Search code examples
pythonpdfrenamepypdf

renaming a list of pdf files with for loop


i am trying to rename a list of pdf files by extracting the name from the file using PyPdf. i tried to use a for loop to rename the files but i always get an error with code 32 saying that the file is being used by another process.

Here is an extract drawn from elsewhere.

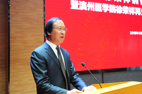 仪式上,院长王滨深情地说,徐荣祥教授铜像的落成,不仅是对徐教授的深切缅怀,也是继承徐教授遗志、推进再生医学高质量发展的宣言。他指出,当前,再生医学作为康复医学和生物医学的新领域,为疾病的机理研究和临床运用带来了革命性变化,已成为衡量一个国家生命科学与医学发展水平的重要指标。习近平总书记在两院院士大会上强调“以再生医学等为代表的生命科学领域孕育新的变革”。国务院《“十三五”国家科技创新规划》也指出,“要大力发展免疫治疗、细胞治疗、干细胞与再生医学等技术研究方向”,这为构建具有国际竞争力的康复服务体系和医药生物技术产业体系指明了方向。他强调,我校与美宝集团发挥各自的资源优势,成立再生医学研究中心,旨在抢抓康复医学和再生医学研究发展机遇,将徐荣祥教授创立的人体再生康复科学的理论与实践尽快转化为应用科学成果,同时,推动我校康复医学和再生医学学科建设,开展基础理论研究、药物合作研发和临床应用研究,联合培养康复医学和再生医学人才,为建设优势突出特色鲜明高水平医科大学作出积极贡献,也为推动美宝集团创新发展服务。他表示,徐荣祥铜像落成和徐荣祥再生医学研究中心的成立,不仅是双方合作的深化、细化和实质性进展,更是对徐荣祥教授的无限怀念、感念、纪念。他希望,学校与美宝集团一起扬帆起航,进一步深化交流、增进友谊、凝聚共识、奋勇前行,推动双方发展实现合作共赢,共同将徐荣祥再生医学研究中心打造成山东乃至全国再生医学的品牌,为再生医学事业和人类生命事业的发展做出新的更大贡献。
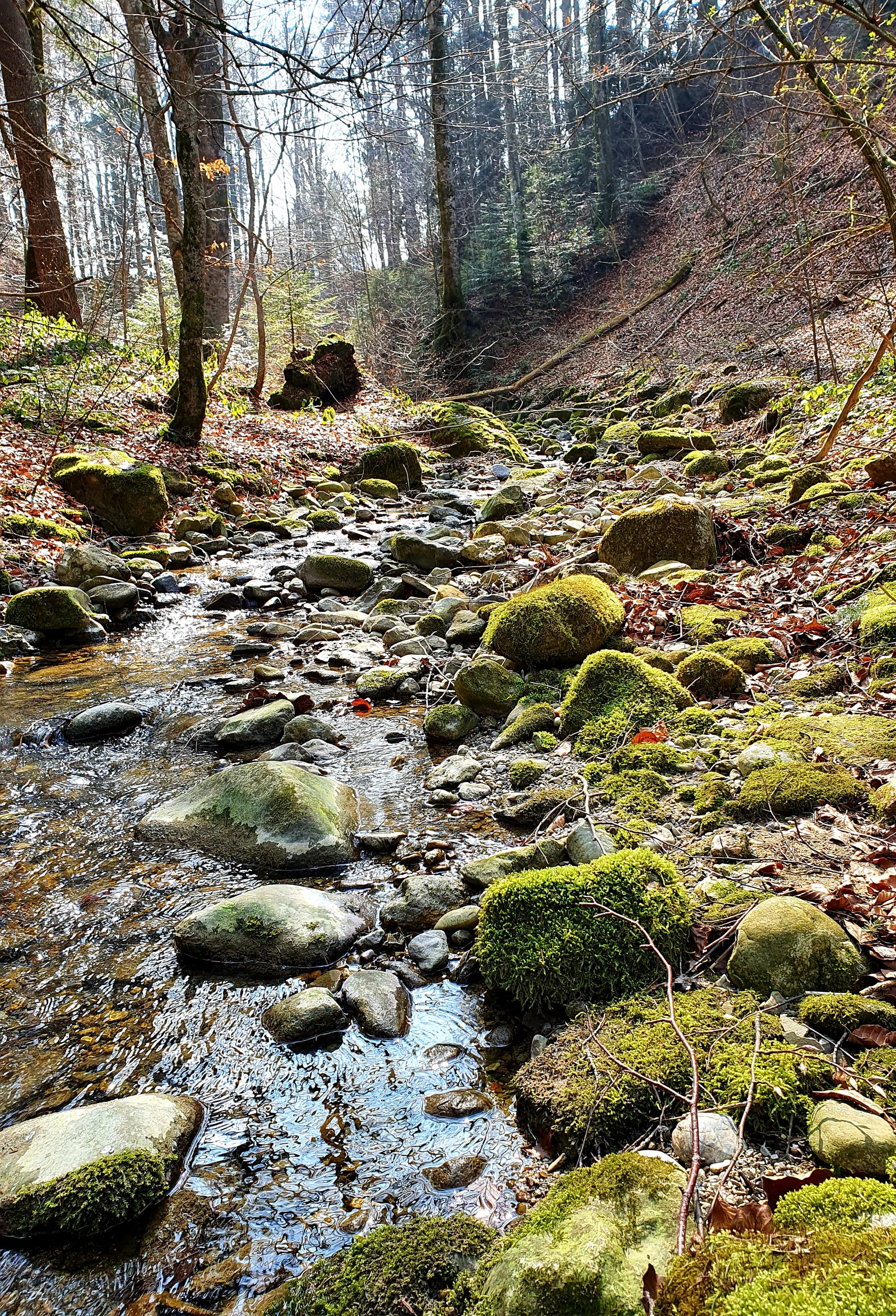 Von hier laufen wir ein Stück auf dem Sträßchen bergab, sammeln einige Zapfen für den Ofen und kommen kurz darauf nach Burgkranzegg. Ein kleines Dorf mit schönen Häusern, von dem wir doch nicht viel sehen, da wir links in einen Pfad einbiegen und entlang eines Tobels hinunter nach Petersthal laufen. Wunderschön hier, mitten im lichten Wald, immer am Wasser entlang und das raschelnde Laub des letzten Jahres noch unter den Füßen.

I am using python2.7 Here's my code

import os, glob
from pyPdf import PdfFileWriter, PdfFileReader

# this function extracts the name of the file
def getName(filepath):
    output = PdfFileWriter()
    input = PdfFileReader(file(filepath, "rb"))
    output.addPage(input.getPage(0))
    outputStream = file(filepath + '.txt', 'w')
    output.write(outputStream)
    outputStream.close()

    outText = open(filepath + '.txt', 'rb')
    textString = outText.read()
    outText.close()

    nameStart = textString.find('default">')
    nameEnd = textString.find('_SATB', nameStart)
    nameEnd2 = textString.find('</rdf:li>', nameStart)

    if nameStart:
        testName = textString[nameStart+9:nameEnd]
        if len(testName) <= 100:
            name = testName + '.pdf'
        else:
            name = textString[nameStart+9:nameEnd2] + '.pdf'
    return name


pdfFiles = glob.glob('*.pdf')
m = len(pdfFiles)
for each in pdfFiles:
    newName = getName(each)
    os.rename(each, newName)

Solution

  • You're not closing the input stream (the file) used by the pdf reader. Thus, when you try to rename the file, it's still open.

    So, instead of this:

    input = PdfFileReader(file(filepath, "rb"))
    

    Try this:

    inputStream = file(filepath, "rb")
    input = PdfFileReader(inputStream)
    (... when done with this file...)
    inputStream.close()